— Перестань ломаться! Не то я схвачу тебя в охапку да вынесу вон…
— Черт побери! Тебе сорок лет, ты маленький, тщедушный человечек! И откуда только силу берешь? Ты вон еще молодцом, а я вот — совершенная развалина…
Наконец Риммер сдался.
Это был крупный, высоченный мужчина, всего-то на два или три года старше своего приятеля.
— Гретли! — крикнул он куда-то в глубь мастерской. — Я отлучусь ненадолго с Фрике… Посматривай тут! Если придут от Мольера, возьмешь двадцать девять су…
Из темноты показалась маленькая кругленькая женщина с желтоватыми волосами и печальным взором.
— Здравствуйте, месье Гюйон, — обратилась она к гостю, протянув пухленькую ручку. — Очень мило с вашей стороны навестить нашего бедного Фрица… Он, признаюсь, совсем зачах и махнул на себя рукой. О, Матерь Божья! Какой удар, какой удар!..
— Перестань! Сколько можно?
— А вы, месье Гюйон, узнали что-нибудь о вашем малыше? О! Ему всегда все было нипочем, из любой переделки выкарабкается. За него можно не волноваться.
— Да, да! Не волноваться… — повторил Гюйон-Фрике и как-то весь передернулся. — Пойдем, Риммер! До скорого, мадам Гретль!
Они пересекли улицу, вошли в винный погребок и уселись за столиком в дальнем углу.

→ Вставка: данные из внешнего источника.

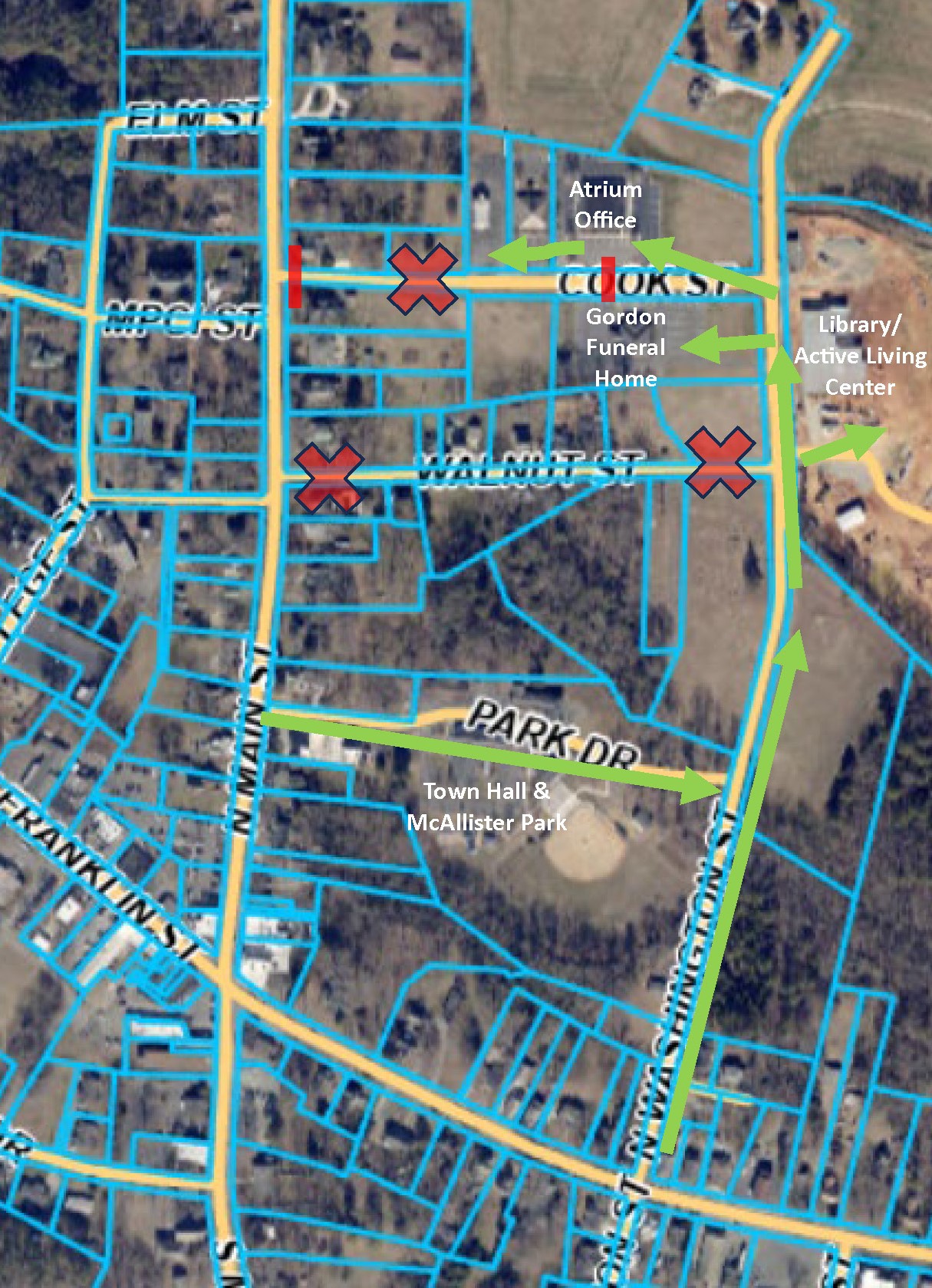 The waterline tie-in at the intersection of Cook Street and N. Washington Street has been completed. Utility crews are now working on laying the new waterline along Cook Street from N. Washington Street to N. Main Street. Beginning Thursday, March 13 Cook Street will be closed from N. Main Street to the Gordon Funeral Home and Atrium-Cabarrus Family Medicine driveways (see map below). All vehicles must access Gordon's Funeral Home, the Atrium-Cabarrus Family Medicine Office, and Zeba's Tax Service from the N. Washington Street end of Cook Street. Cook Street and Walnut Street are closed to through traffic. The Cabarrus County Library/Active Living Center/Virginia Foil Park facility can be accessed from N. Washington Street. Please do not use Walnut Street as a cut through. Through traffic is not permitted on Walnut Street due to its narrow width, and signs are posted on each end of Walnut Street. Park Drive and N. Washington Street may be used.

Друзья переглянулись и вдруг в едином горестном порыве склонились друг к другу, взялись за руки и хором произнесли:
— Мой бедный Риммер! Мой бедный Фрике!
Фрике опомнился первым.
— Ладно! Ладно! Что это мы, точно мокрые курицы… Положеньице наше, конечно, никудышное. У тебя — с тех пор как из Камеруна явился этот эльзасец и рассказал, что случилось с твоим сыном, а у меня… тоже не лучше. Вот уж три месяца, как ни единой весточки от Тотора. Однако не стоит отчаиваться!
— Легко тебе говорить! Если нет писем, тому может быть масса причин. Почта оттуда, полагаю, приходит редко и нерегулярно… А в последнем письме твой Тотор сообщал, что отправляется в глубь Африки, где одни только негритянские племена. Какая ж там почта? Письмо может прийти не сегодня-завтра! А вот я… У меня нет больше надежды.
— Почем ты знаешь? Откуда такая уверенность? Петер Ланц видел лишь потасовку, после которой твой сын исчез…
— Но он уверяет, что собственными глазами видел и то, что лейтенант размозжил Жану голову…
— Ну, так уж сразу и размозжил… Голова-то у парня все же не орех, не так уж это и просто…
— О, этот лейтенант! Фон Штерманн… Попался бы он мне… Негодяй и прощелыга! Переметнулся к бандитам, к работорговцам… Кто знает, быть может, когда-нибудь его и поймают…
— Но ведь тот эльзасец не видел Жана мертвым…
— Ну и что же? Если даже он и выжил, то оказался один-одинешенек в этой проклятой стране. Там он обречен на голодную смерть. Либо его разорвут дикие звери… Нет, нет, старина Фрике, не успокаивай меня! Все кончено.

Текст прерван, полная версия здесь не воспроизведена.